Few market reseachers have the insights about how businesses use technology than Mark Smith (@marksmithvr) chief research officer and founder of Ventana Research. And, for good measure, his experience in the applications of GIS in business are unmatched, which is why his opinions, provided by way of his keynote at the MapInfo Users Conference, held last week in Memphis, are so compelling.

He began his comments by way of suggesting that most of today's technology in use by businesses touch an entire suite of enterprise wide applications and processes but most of the methods they are exploring do not engage location technology. He said that visualization is driving a lot of the technological advancements and its forcing software vendors to put money into visualization solutions. But, excluding the issue location technology ignorance, there is a problem.

He said that the state of new visualization tools, designed to help business analysts, is complicating their ability to make good decisions. He said that the visual discovery process that business intelligence (BI) dashboards are supposedly designed to facilitate are not living up to their potential.
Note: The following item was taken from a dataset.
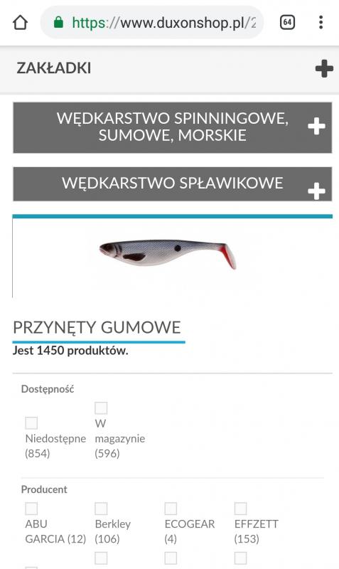 Wojtek14 Opublikowano 28 Lutego 2019 Zgłoś Udostępnij Opublikowano 28 Lutego 2019 Duxon chyba wyprzedaje cały asortyment spinningowy, jako sklep karpiowy jest to jeden z wiekszych sklepów w PL. Wystarczy w filtrach zaznaczyć "dostepne " i już nam pokazuje tylko te produkty które mają na stanie. Ja ostatnio zamówiłem jakieś gumy po poście kolegi z poprzedniej strony i wszystko doszło jak należy. Cytuj Odnośnik do komentarza Udostępnij na innych stronach Więcej opcji udostępniania...

He commented that while dashboards are supposed to help in discerning new insights, they are compromised by the abilities and competencies of analysts to understand what each is supposed to offer.  He called the state of BI dashboards "pathetic."

"The average business person may have no idea of what these visualizations mean … [We] put pie charts and graphics on a screen to make sense of the data … We've swung to a new group of visualization tools that we put in front of people and we expect them to know what they are to do with them," said Smith.

Smith went on to say that "most of the advanced visualization tools do nothing in terms of putting these things in the context of location; they only put them into visualization products that scatter the information. It takes away from the potential to understand these data to make businesses processes more efficient."

"Location Intelligence (LI) has been advancing for some time but has not had the front seat. It must become part of daily tasks … its got to be out front and center to be part of everything we do to make smarter actions," said Smith.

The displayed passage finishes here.